The Impact of Export-Oriented Agricultural Policies on Farm-Level Income, Production Efficiency, and Market Stability in the Context of Asia
Shaymaa Hussein Nowfal
Department of Medical Physics, College of Science, University of Warith Al‑Anbiyaa, Karbala 56001, Iraq; Department of Medical Physics, College of Applied Medical Sciences, University of Kerbala, Karbala 56001, Iraq
N. Meena Rani
Post Graduate Diploma in Business Management, Xavier Institute of Management and Entrepreneurship, Bangalore 560100, India
Dinesh Rajassekharan
Faculty of Artificial Intelligence Computing and Multimedia, Lincoln University College, Petaling Jaya 47301, Malaysia
K. R. Praneeth
School of Management, The Apollo University, Chittoor 517127, Andhra Pradesh, India
Sundari Dadhabai
KL Business School, Koneru Lakshmaiah Educational Foundation, Vaddeswaram, Andhra Pradesh 522302, India
S. Ramesh
Indus Business Academy, Bangalore, Karnataka 560082, India
PG Department of Business Administration and Dean ‑ Research and Development Cell, Maris Stella College, Vijayawada 520008, India
DOI: https://doi.org/10.36956/rwae.v6i1.1537
Received: 28 November 2024 | Revised: 26 December 2024 | Accepted: 31 December 2024 | Published Online: 13 March 2025
Copyright © 2024 Shaymaa Hussein Nowfal, N. Meena Rani, Dinesh Rajassekharan, K. R. Praneeth, Sundari Dadhabai, S. Ramesh, Ravi Kumar Bommisetti. Published by Nan Yang Academy of Sciences Pte. Ltd.

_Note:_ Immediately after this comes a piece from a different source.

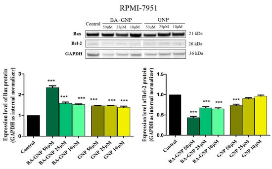 Mitochondria-dependent apoptosis is regulated by both pro-apoptotic Bcl-2 associated X (Bax) and anti-apoptotic B-cell lymphoma 2 (Bcl-2), two well-studied members of the large Bcl-2 family. Thus, to gain insights regarding the exact mechanism responsible for GNP and BA-GNP cytotoxic effects and, more precisely, to delineate the mitochondrial apoptotic pathway from the apoptotic pathway induced by DNA damage, Bax and Bcl-2 protein expression levels were determined using Western blot (Figure 13). The expression of Bax was upregulated upon treatment with both GNP and BA-GNP (Figure 13). Graphical analysis of Bax expression levels after loading control normalization showed that all concentrations of GNP and BA-GNP were able to significantly increase the protein expression vs. control, with the highest increase being observed upon RPMI-7951 treatment with BA-GNP in the highest concentration (50 μM). An inversely correlated dose-dependent response was observed in the case of anti-apoptotic Bcl-2 expression level. Treatment with increasing concentrations of BA-GNP led to a more drastic inhibition of Bcl-2 expression level; the strongest inhibition was once more observed for BA-GNP-treated cells (Figure 14). GNP alone was able to produce a similar effect on Bcl-2 protein expression only at 50 μM (Figure 14).

This is an open access article under the Creative Commons Attribution-NonCommercial 4.0 International (CC BY-NC 4.0) License.
Abstract
This study investigates the impact of export-oriented agricultural policies on farm-level income, production efficiency, and market stability in three southern states of India: Karnataka, Telangana, and Tamil Nadu. Focusing on smallholder and commercial farms, the research evaluates how these policies impact key economic results in regions characterized by diverse agricultural activities. The study aims to assess the farm-level consequences of agricultural export promotion policies for income volatility, technical efficiency, and price risks and how these consequences are connected to the supply chain and trade relations, food supply, and rural incomes. Using a quantitative approach, the study analyzes data from 363 farms, examining the role of export input, domestic market support, and the adoption of Smart Farming (SF) technologies. The findings demonstrate that export market input leads to higher income levels, improved production efficiency, and enhanced supply chain stability. However, the study also highlights challenges smallholder farmers face, particularly regarding access to Agriculture Exports (AE) and exposure to global price volatility. The study showed that total farm-level income has increased by 22% for exporters, but the market risk has been reduced by 15% due to volatile prices. The production efficiency rate represented 18% among the commercial farms, while the smallholder farms were considered by a 12% resource allocation inefficiency, leading to reduced sustainability and vulnerability to shocks. The market risk has been reduced despite the variation in the price level, which is an aspect of relative efficiency. The exporters and the large farms are better positioned to manage the risks and earn higher income and efficiency. On the other hand, smallholder farms are less efficient and, therefore, more sensitive to prices and sustainability problems. The results recommend that while export-oriented policies have the potential to benefit India's agricultural sector significantly, targeted interventions are required to ensure that these benefits are distributed more equitably across different types of farms.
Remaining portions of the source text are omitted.